WHAT IS BEING ASKED:
Print, exactly as they stand, the lines below from the one that has "To honor the" to the one that has "Buy_Shriya Som_Grey V", inclusive, leaving out the pictures.

RECORDS FOR PROCESSING:
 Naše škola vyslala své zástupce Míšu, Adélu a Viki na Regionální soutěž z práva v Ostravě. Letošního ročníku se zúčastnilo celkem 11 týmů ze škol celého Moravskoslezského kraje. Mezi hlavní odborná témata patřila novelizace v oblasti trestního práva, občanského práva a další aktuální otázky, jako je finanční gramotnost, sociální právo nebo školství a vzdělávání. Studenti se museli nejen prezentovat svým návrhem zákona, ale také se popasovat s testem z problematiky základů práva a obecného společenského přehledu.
* * *
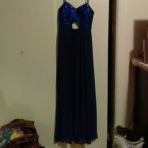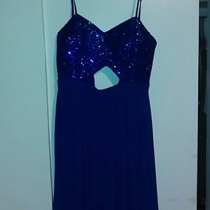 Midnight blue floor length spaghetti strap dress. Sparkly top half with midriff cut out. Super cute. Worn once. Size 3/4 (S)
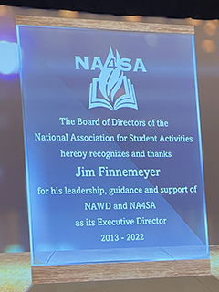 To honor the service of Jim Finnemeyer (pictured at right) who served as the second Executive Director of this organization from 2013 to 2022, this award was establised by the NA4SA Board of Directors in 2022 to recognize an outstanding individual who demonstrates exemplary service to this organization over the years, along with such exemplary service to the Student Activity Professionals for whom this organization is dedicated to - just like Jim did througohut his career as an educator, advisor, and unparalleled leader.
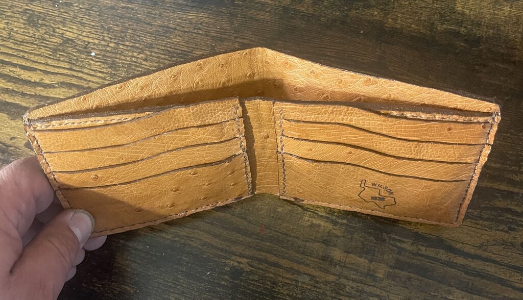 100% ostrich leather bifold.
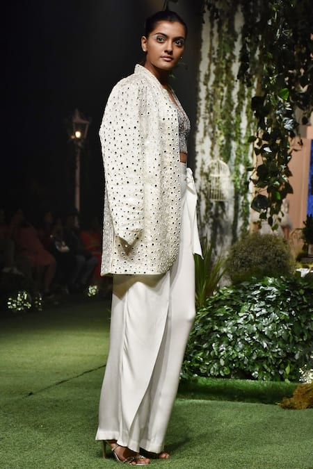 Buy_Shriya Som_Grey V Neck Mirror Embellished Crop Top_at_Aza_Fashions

PROBLEM SOLUTION:
 To honor the service of Jim Finnemeyer (pictured at right) who served as the second Executive Director of this organization from 2013 to 2022, this award was establised by the NA4SA Board of Directors in 2022 to recognize an outstanding individual who demonstrates exemplary service to this organization over the years, along with such exemplary service to the Student Activity Professionals for whom this organization is dedicated to - just like Jim did througohut his career as an educator, advisor, and unparalleled leader.
 100% ostrich leather bifold.
 Buy_Shriya Som_Grey V Neck Mirror Embellished Crop Top_at_Aza_Fashions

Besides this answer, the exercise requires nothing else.